In April of this year, AXA XL announced the consolidation of its reinsurance operations under AXA XL Re, a move designed to more easily bifurcate and evaluate the performance of its insurance and reinsurance businesses.
Predominantly, AXA XL Re’s business is mostly comprised of renewing reinsurance policies previously underwritten by XL Bermuda Ltd., which AXA acquired in 2018.
At €4.7 billion, AXA XL Re now accounts for roughly 25% of the group’s premiums and, analysts at Berenberg estimate that this business accounts for c.33% or €400 million of AXA XL’s full-year 2021 €1.2 billion earnings target.
For a number of reasons, analysts at Berenberg “believe a deal would be very positive to the AXA valuation”.
Firstly, analysts state that the sale would reduce earnings volatility at AXA, and point to the firm’s +/-€1.5 billion pre-tax nat cat earnings volatility, which is on group earnings of around €8.4 billion (c.18%).
This view is shared by analysts at J.P. Morgan, who said today that a key positive from such a deal would be the fact it would “reduce earnings volatility at AXA which has increased materially after the acquisition of XL in 2018.”
Based on a potential sale price of between €4 billion and €5 billion, Berenberg analysts estimate the deal would create a gain of up to €1 billion worth up to €0.40 per share.

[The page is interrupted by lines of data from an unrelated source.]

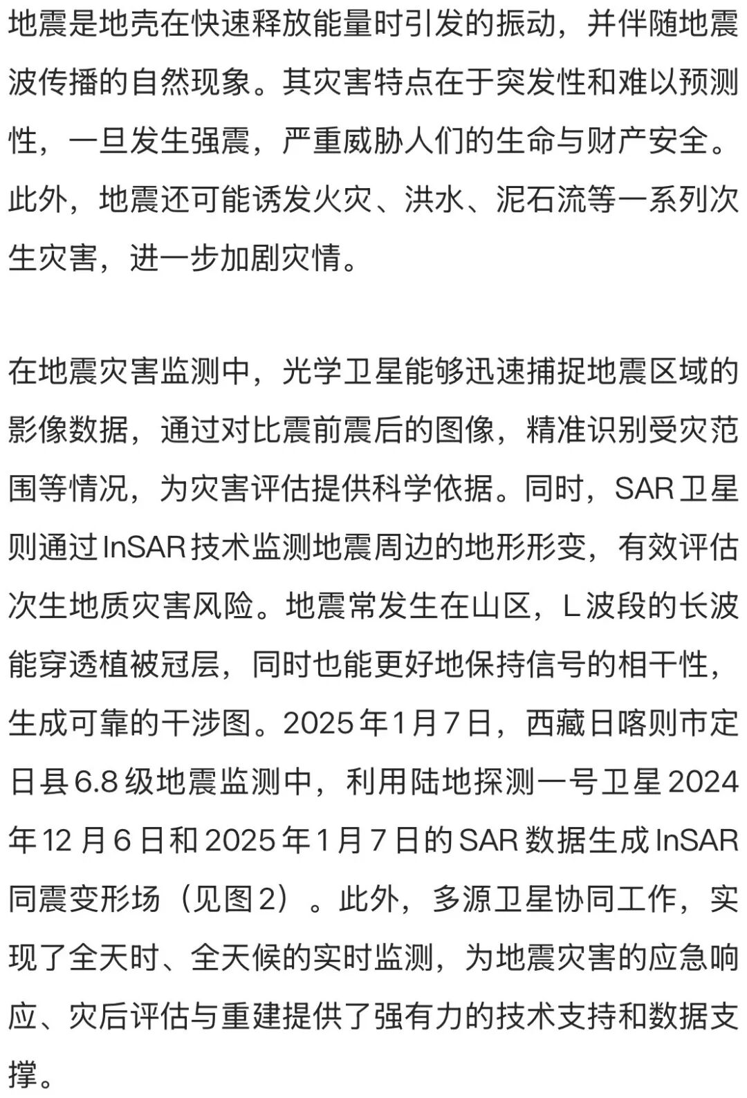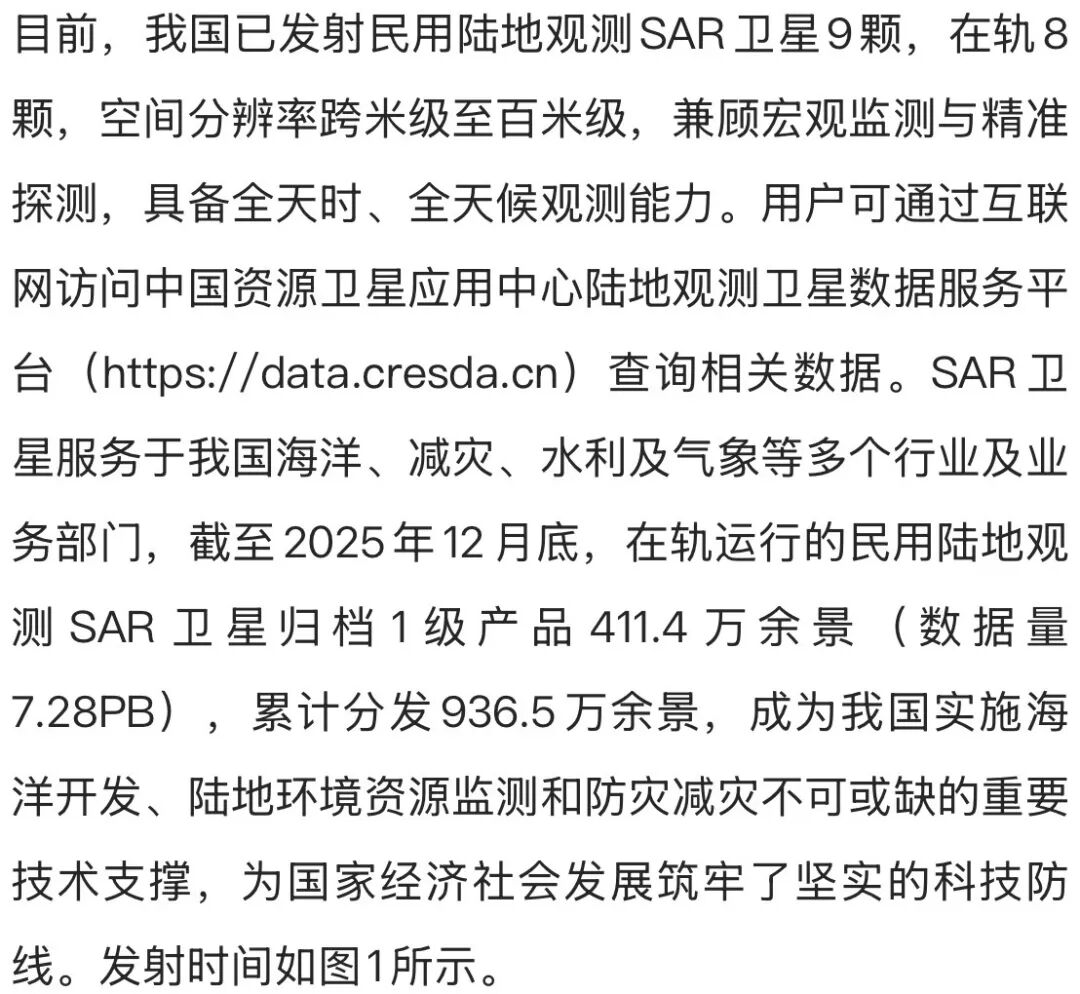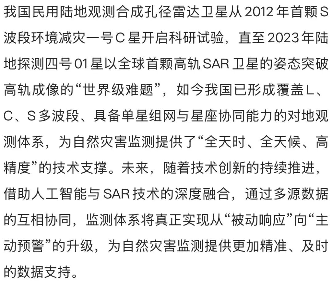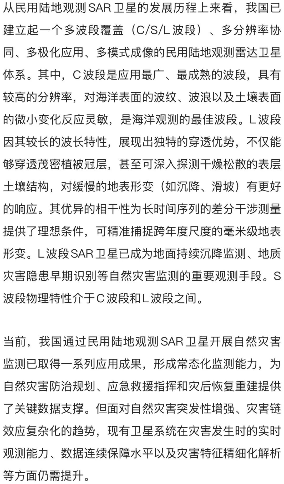 在全球气候变化加剧、极端天气事件频发的背景下,自然灾害的监测与预警已成为保障人类生命财产安全、推动可持续发展的关键命题。传统光学遥感卫星虽能提供高分辨率影像,却受制于天气与时间的限制,难以实现对灾害过程的连续、动态观测。合成孔径雷达(SAR)卫星凭借其全天时、全天候、穿透性观测优势,成为自然灾害监测的“利器”。近年来,我国民用陆地观测SAR卫星取得了显著进展,极大地提升了我国对地观测和自然灾害监测的能力。本文通过对民用陆地观测SAR卫星发展现状的系统介绍,分析了其在自然灾害监测领域中的典型应用案例与应用优势。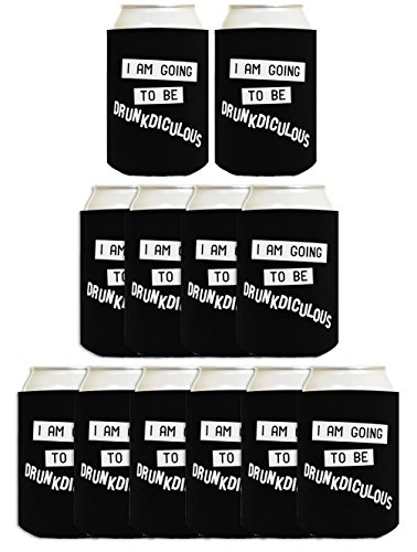 Funny Beer Coolie I'm Going to Be Drunkdiculous Funny Drinking Party Gift 12 Pack Can Coolies Drink Coolers Black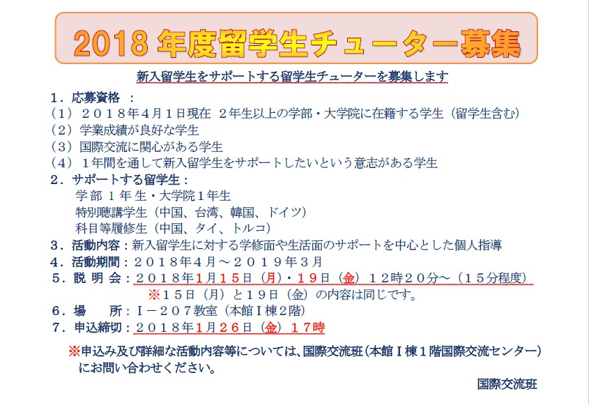 為新進入下關市立大學或開始短期留學的外國留學生提供學習和生活支援的留學生導師招募如下!!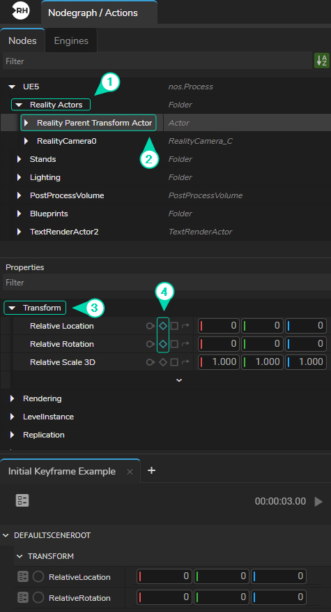 - Go to Properties section, expand the Transform property group, click on Add Timeline button for Relative Location and Relative Rotation properties. See also Node Property Toolset.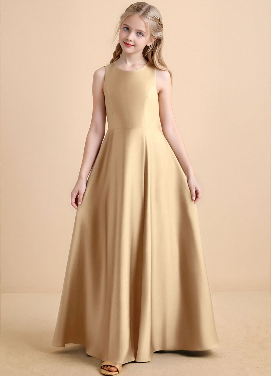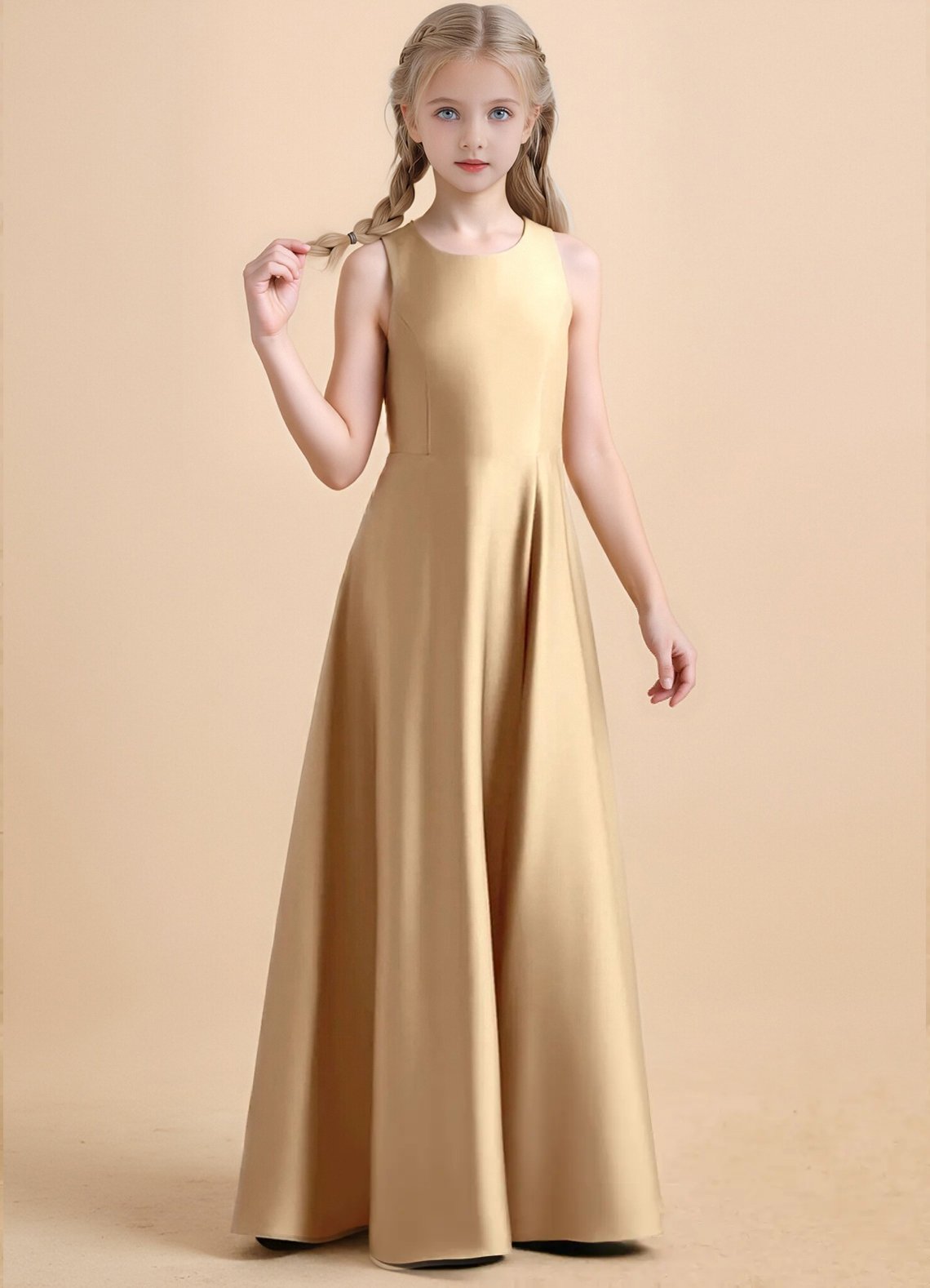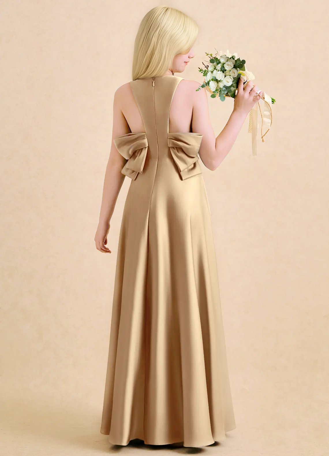 The floor-length Nisha girls’ formal dress features a graceful A-line silhouette in lustrous stretch satin with a sleek, polished finish. It has a round neckline with sleek sleeveless straps and a pair of oversized, structured bows at the back that frame a delicate racerback cutout detail. The skirt is finished with a subtle side slit for graceful movement and refined elegance.

Expanding on this, analysts explain that if the deal is at €5 billion, and AXA XL Re’s net profit is €400 million, then it would be on 12x price-to-earnings (P/E), which is far above AXA’s own 8x P/E.
“This clearly would create value,” say analysts.
The final key positive highlighted by Berenberg concerns the group’s solvency. By reducing required capital, analysts say the deal could potentially add to AXA’s solvency, while also help the firm decide on capital management.
“Adding all these factors together mean we estimate the valuation of AXA could rise by 4-6%. Essentially, while we believe that the commercial lines and speciality part of AXA XL are good fits with AXA, the reinsurance business adds too much volatility. Therefore, in our view AXA is not the best long-term owner of this business,” say analysts.
Alongside reduced earnings volatility, analysts at J.P. Morgan add that the deal would also give management an opportunity to return extra capital to shareholders, which would show disciplined capital management.
Expanding on this point, analysts at J.P. Morgan state: “One key update that is important to say whether it would be a positive or a neutral deal would be to see what AXA management would do with any such potential proceeds. If AXA considered doing a share buyback with any such proceeds, we believe it would be a positive; however, if AXA were to look to recycle the proceeds in another M&A then such a deal might not be seen as a positive as there would be overhang on capital management.”
And finally, the sale would lower the implied cost of equity on AXA’s shares that analysts note had increased following the takeover of XL Group in 2018.
While Covéa’s appetite for owning a global reinsurance business is clear, it remains less clear how willing AXA is to offload its AXA XL Re operation at this time.